*Requirement*.
Beginning with the line that includes "Полное собрание ученых" and ending with the last line of the entries below, set down each line exactly; include no pictures.

*Dataset items*.
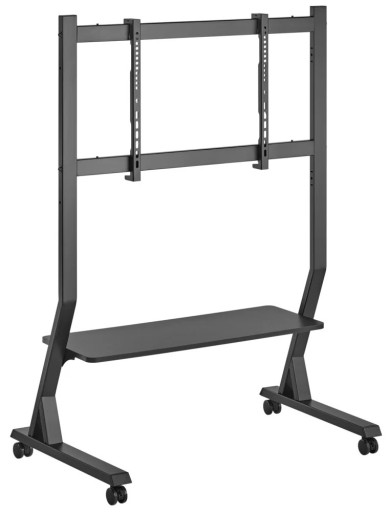 Wózek na kółókach pod telewizor 45 "-90 " wyposażony w dużą półkę do przechowywania odtwarzacza DVD, konsoli lub innych przedmiotów (848 x 300 mm). Zaprojektowany specjalnie dla telewizorów z dużym ekranem, blokowane koła zapewniają jednocześnie mobilność i stabilność. Można go łatwo przenieść w dowolne miejsce, aby móc prowadzić wideokonferencje, grać i nie tylko.
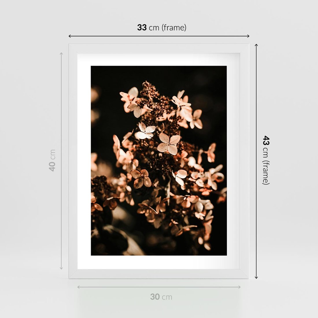 Plakat w ramie 30x40 - Hortensja - Suchy Kwiat w Sztuce - hortensja, suchy kwiat - rama biała
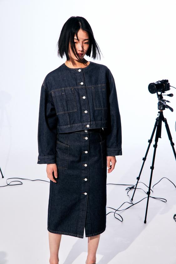 濃いめカラーのデニム素材は品があり、オフィスカジュアルにもおすすめ。
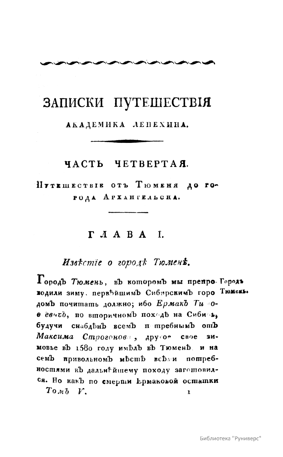 Полное собрание ученых путешествий по России, издаваемое Императорскою Академией Наук, по предложению ее президента. Том пятый. Продолжение Записок Путешествия Академика Лепехина
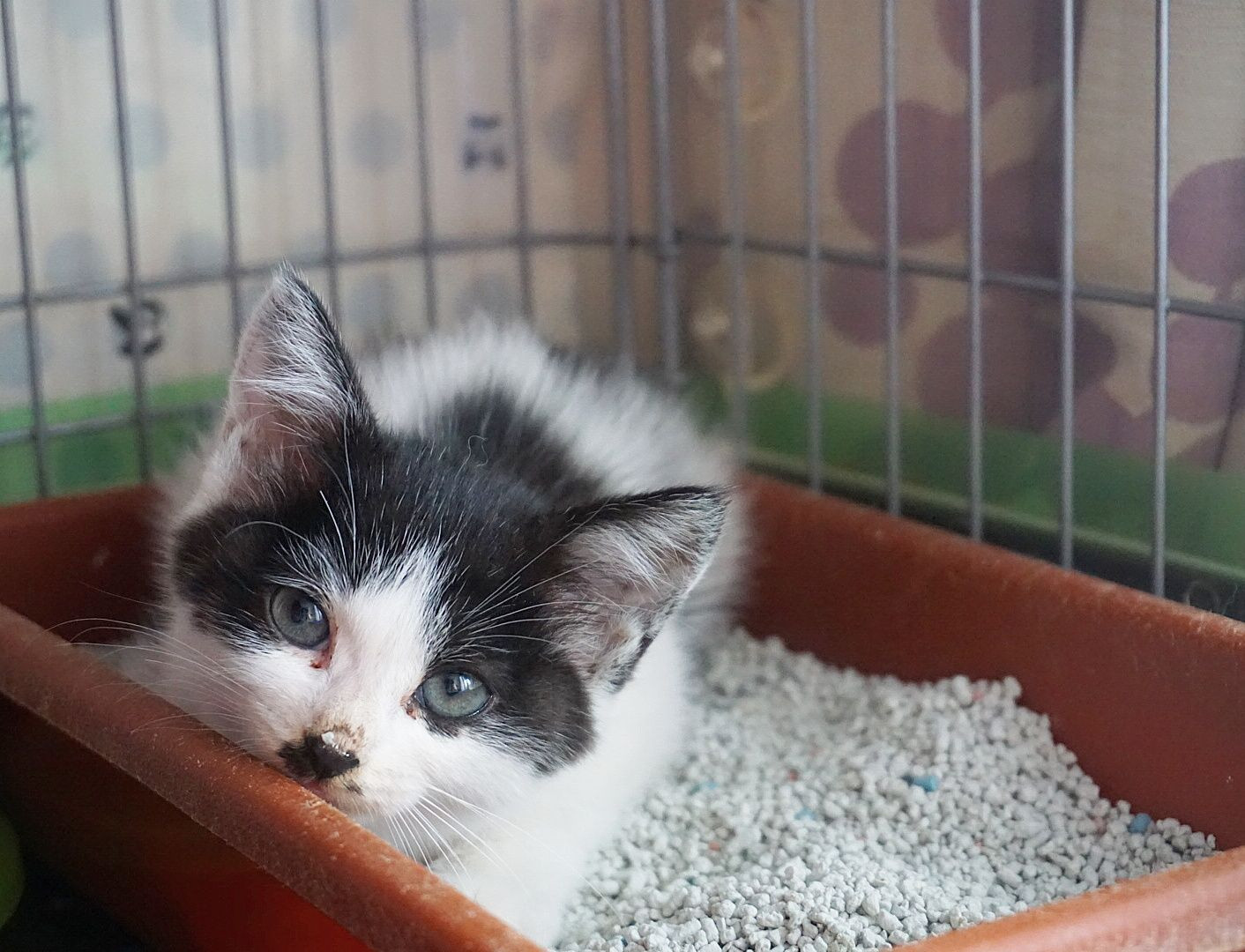 車が激しく往来する道路でうずくまっていた子猫。保護2日め。
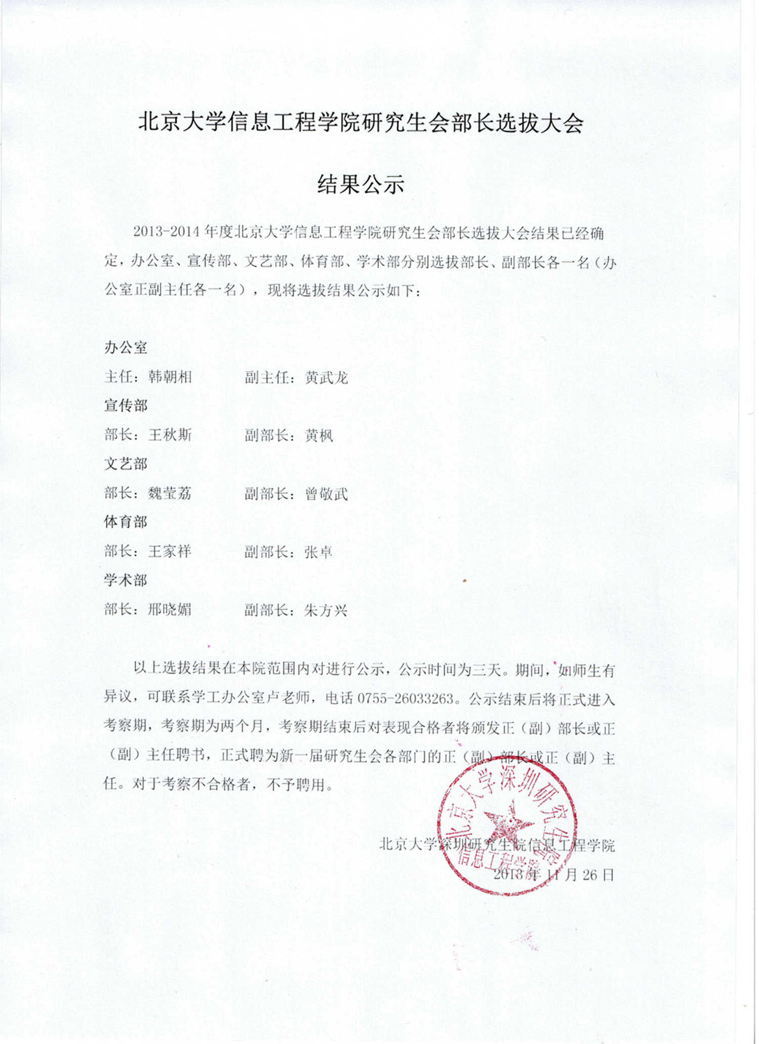 2013-2014年度香香腐宅 研究生会部长选拔大会结果公示
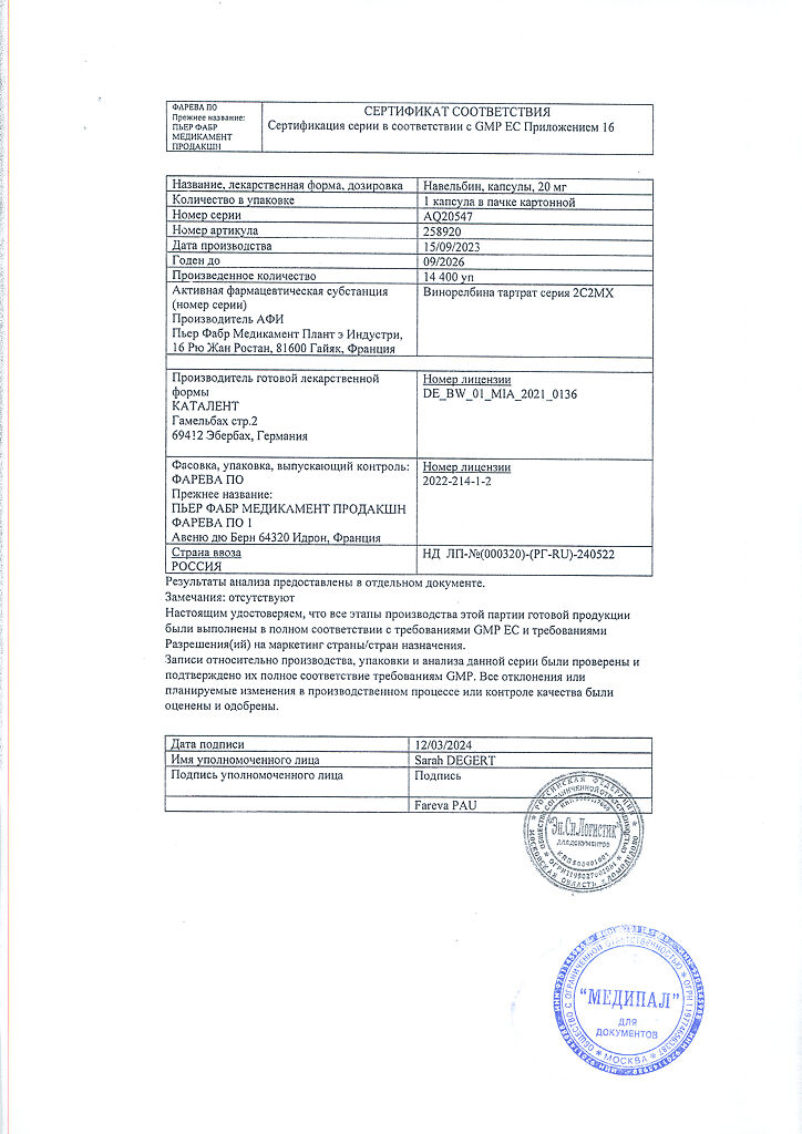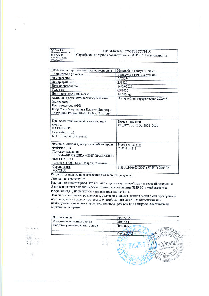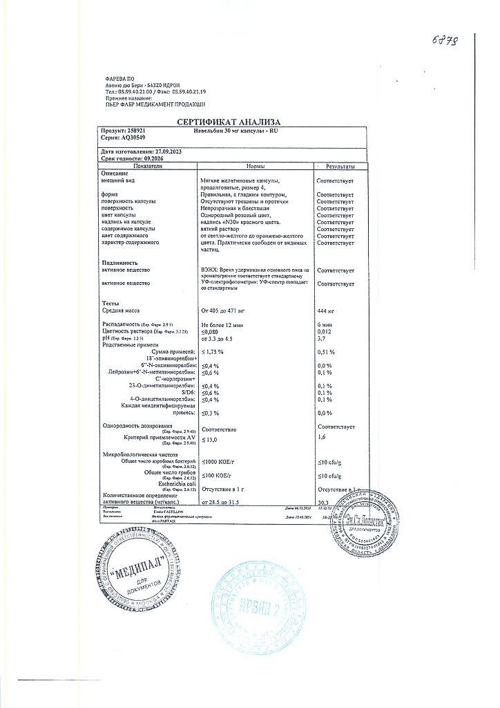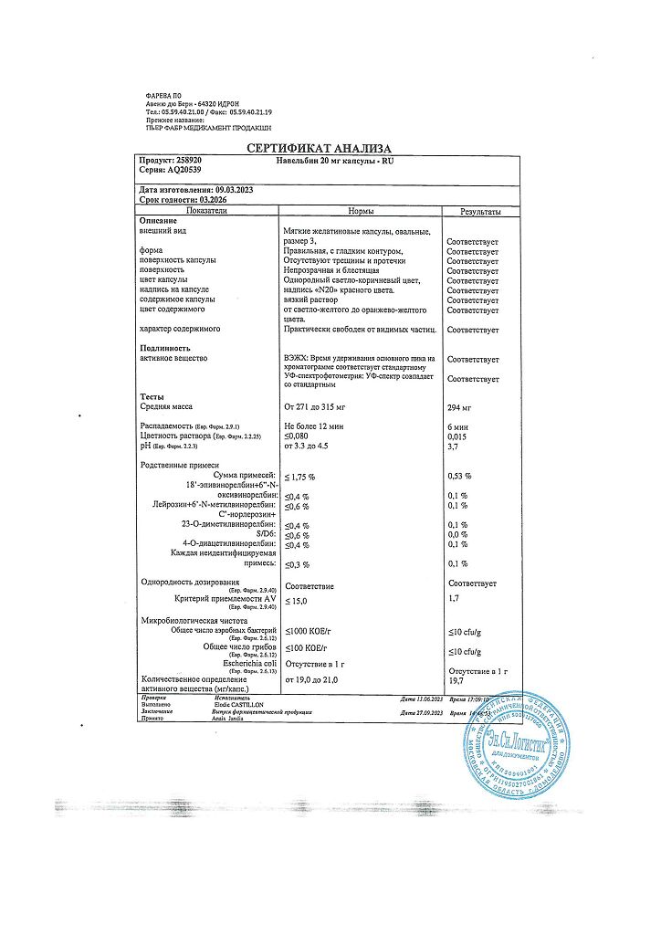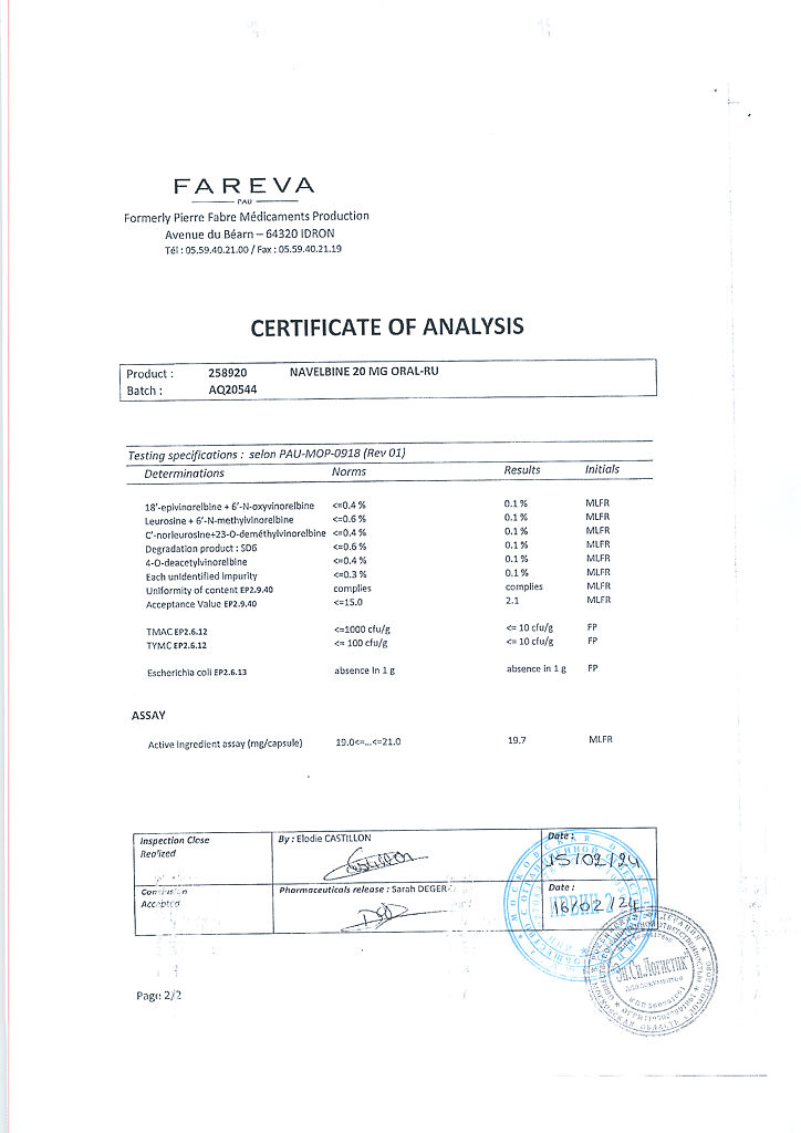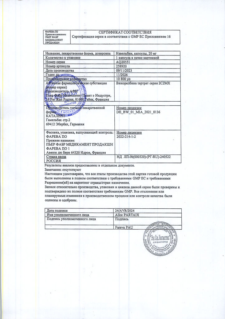 Применение Навельбина внутрь в дозах 60 мг/м2 и 80 мг/м2 соответствует в/в введению Навельбина в дозах 25 мг/м2 и 30 мг/м2 .
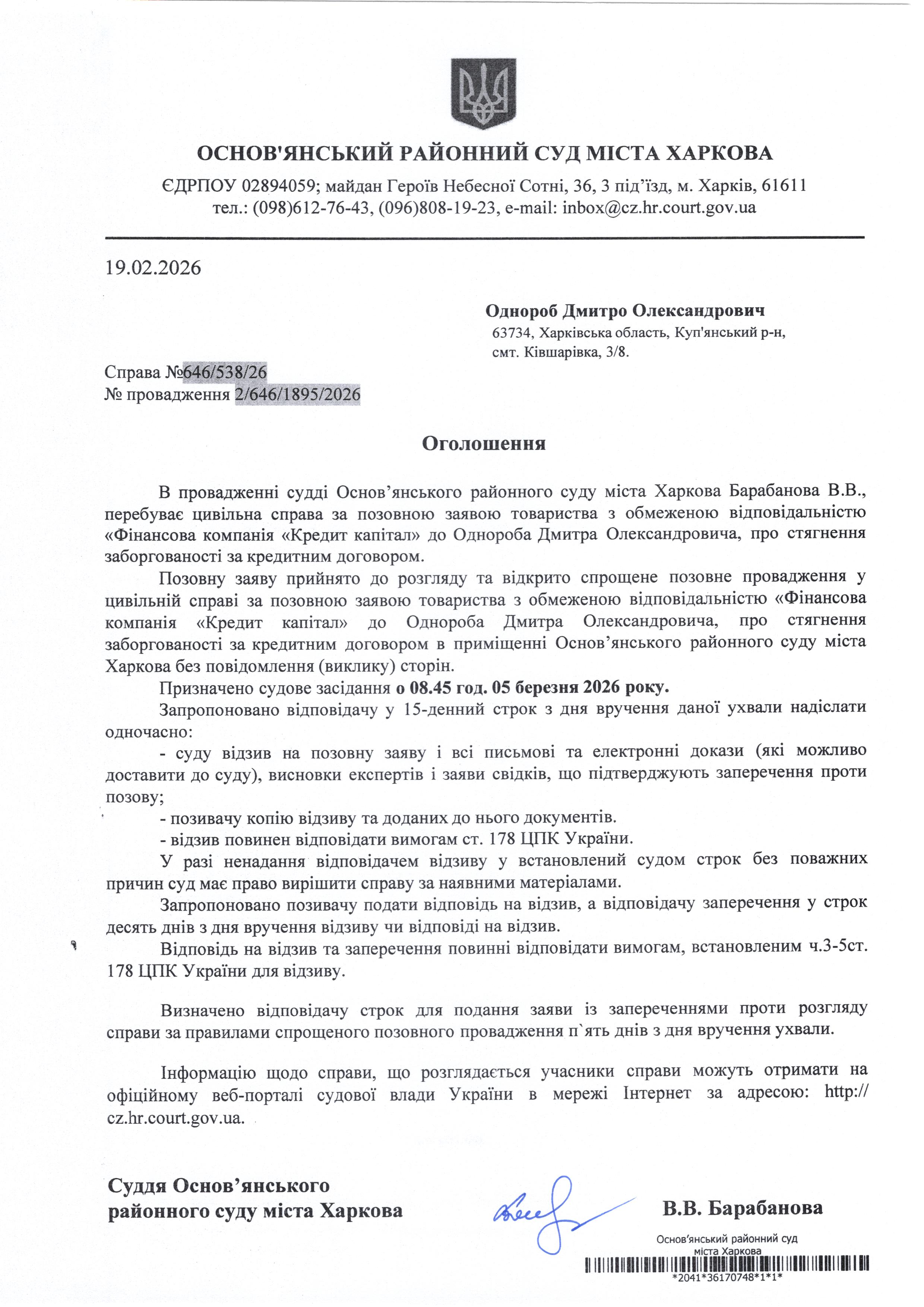 Оголошення по справі № 646/538/26 для Однороб Дмитра Олександровича

*Exercise solution*.
 Полное собрание ученых путешествий по России, издаваемое Императорскою Академией Наук, по предложению ее президента. Том пятый. Продолжение Записок Путешествия Академика Лепехина
 車が激しく往来する道路でうずくまっていた子猫。保護2日め。
 2013-2014年度香香腐宅 研究生会部长选拔大会结果公示
 Применение Навельбина внутрь в дозах 60 мг/м2 и 80 мг/м2 соответствует в/в введению Навельбина в дозах 25 мг/м2 и 30 мг/м2 .
 Оголошення по справі № 646/538/26 для Однороб Дмитра Олександровича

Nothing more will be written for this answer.